Joanna Ossinger: What’s helped you stand out in a crowded research field?
Marko Kolanovic: I do tend to be a more contrarian person who looks at things that people aren’t looking at right now—which is good and bad. It’s good because you can uncover things that nobody thought of, and they become very relevant. The bad is that you may be sometimes looking too far out, and then it’s not relevant. If most people don’t look at something, chances are it isn’t going to be relevant very soon. “Too early” sometimes also means “wrong” in finance. If you’re just going to be stating consensus, and a trend follower, you’re not adding much value. The proposition of being a bit more out-of-the-box contrarian is more risky, but it also differentiates.
JO: What bigger-picture market trends are you watching these days?
MK: There’s this fragility in the marketplace that came with the new structure of liquidity, with electronic market-making, computers, and growth in passive. Passive assets and quant assets will grow, and computers and AI will have a bigger role in market-making. At some point that’s going to end up badly—most likely when the next recession hits. Some of the problems around computerized liquidity are going to be fully exposed, and it may really deal a blow to investors and markets overall. Not that we are forecasting it with a certain timeline, but more that investors should have it in the back of their minds.
Is there a way to hedge yourself for some type of catastrophic event where liquidity collapses and this whole microstructure potentially fails? Can you design strategies that are going to be resilient to this type of fragility? Can you run some effective hedges that won’t cost you a lot of money? We are thinking about a number of things like timing: market-timing and timing of risk premia. It’s almost a holy grail—can you time these risk premia? So recently we’ve been testing machine-learning algorithms in the context of timing.
JO: So you’re worried about the rise of electronic trading?
MK: There’s more algorithmic trading, where algos are going through headlines or sorting through earnings statements or going through social media in real time and trading. What are the consequences for investors?

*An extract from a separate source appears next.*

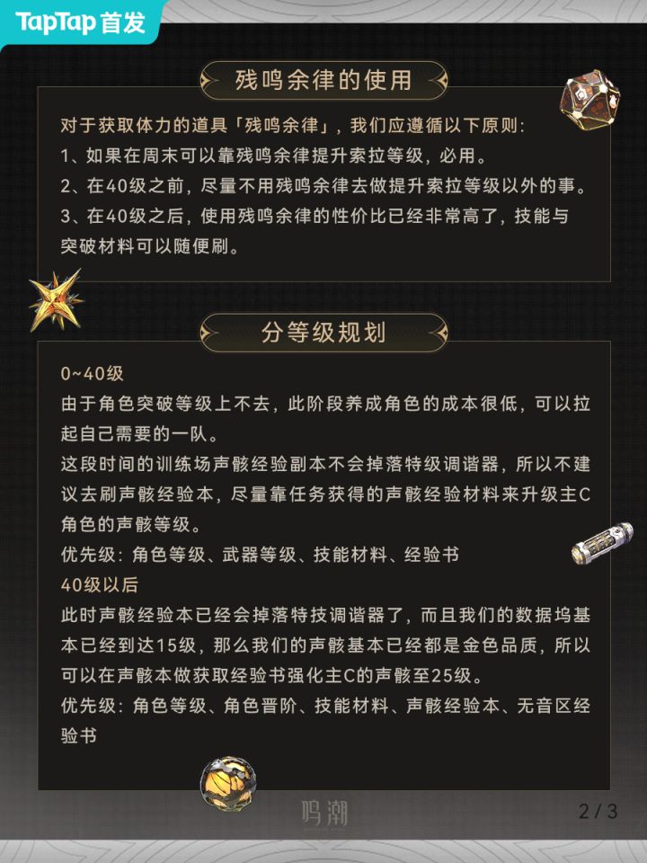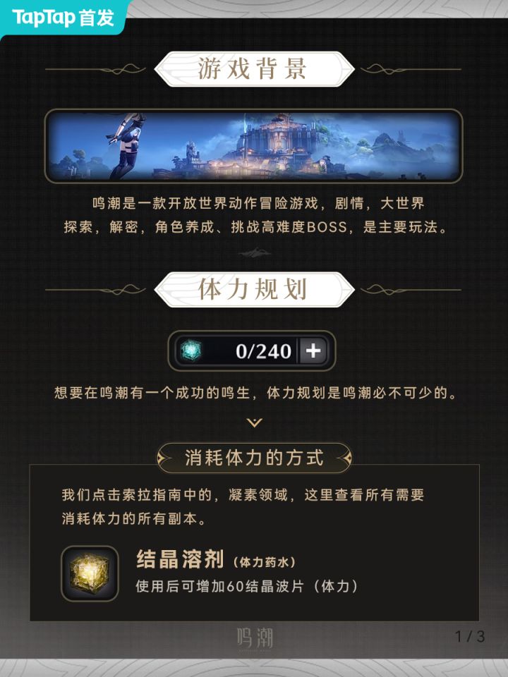 体力药水(结晶溶剂)的使用需要仔细考虑,要点我们总结在图中啦。进游戏后大家先推主线到卡等级,此时模拟训练场适量刷取避免体力溢出即可。之后将重点放在探索大世界和收集声骸提升数据坞(葫芦)等级。鸣潮跑图很快,肝大地图会比较快。等级和数据坞都较高时,此时副本掉落收益较为稳定,再根据队伍情况针对性刷本培养。

We’re seeing reaction time get shorter and shorter for releases, which can also incur costs or take advantage of slower human investors. There are signs of potential abuses with social media posts and headlines. That’s going to get worse and worse and be more of an impediment for human investors to make money. It’s going to cause more confusion in the marketplace.

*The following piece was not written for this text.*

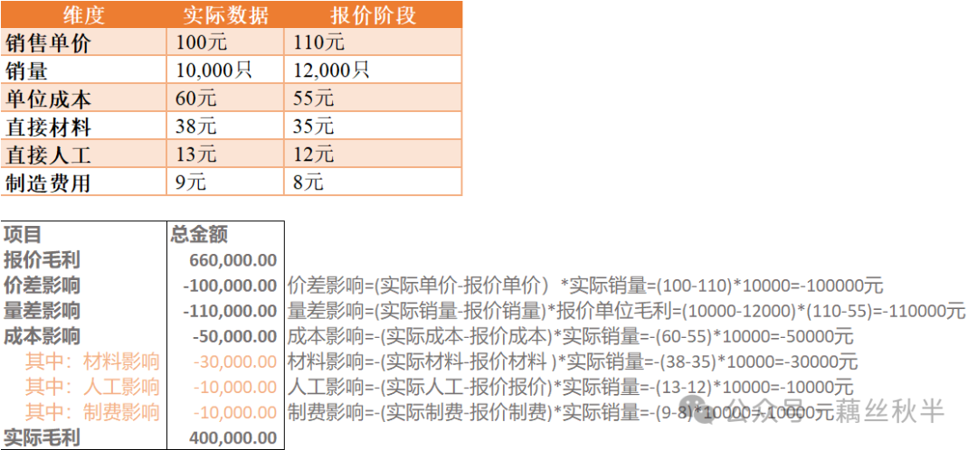 ![]() 💼背景故事: 成本会计福贵刚整理完销售报表,业务部门的领导就把他叫去办公室质问:“A产品怎么回事?报价时不是说能带来66万毛利吗?怎么批量生产后只有40万?” 为了找出毛利缩水的原因,福贵对比了报价阶段和实际生产阶段的数据,深入分析了单价、销量、直接材料、直接人工、制造费用五个维度的变化,最终揭示了问题的根源。📉🔍 📌报价阶段vs.实际数据 ![]() 一、销售单价下降:市场竞争的压力 报价时预期售价为110元,但由于市场竞争激烈,客户无法接受这个价格。经过销售团队谈判,最终单价降至100元,直接减少了毛利10元/只。 📌可能导致单价下降的原因: 二、订单量减少:客户需求的变化 客户最初预测订单量为12,000只,但实际采购量只有10,000只。订单量减少导致固定成本分摊上升,单位成本变高,毛利空间进一步被压缩。 📌可能导致销量下降的原因: 三、直接材料成本上升:调价机制的影响 📌材料成本变化

If you run a certain strategy, how do you insulate yourself against these things? If these algos are taking advantage of you on the liquidity side, maybe they are also taking advantage of you with social media and news headlines. Can you have some sort of countermeasures, if you have a strategy that is vulnerable to that type of thing? What are the limitations? What are the regulatory angles as well? If someone is creating fake tweets to hurt your strategy, are you allowed to defend yourself by throwing off that algorithm? Where’s the limit of market manipulation vs. defense?
JO: How do you use data and the advances in computer science?

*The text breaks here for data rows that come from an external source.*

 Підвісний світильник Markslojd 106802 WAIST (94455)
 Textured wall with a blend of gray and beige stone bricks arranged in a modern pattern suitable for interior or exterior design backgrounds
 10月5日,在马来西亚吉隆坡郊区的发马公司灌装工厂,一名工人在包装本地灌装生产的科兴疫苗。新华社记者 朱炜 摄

MK: We use big alternative data and AI to gauge trends that people aren’t picking up with a conventional way of thinking and try to see how that may impact the markets. We look at the sentiment indicators—we would do textual analysis, how much something is mentioned in the news, how often corporates are mentioning it. Looking at these alternative data sets and some of these newer methods of machine learning and applying them to specific questions we have about the markets. Last year we spent a lot of time on big data and AI. This year is more macro-driven, with interest rates, the fears about trade wars, and then quantitative strategies.
Ossinger is a markets editor at Bloomberg News in New York.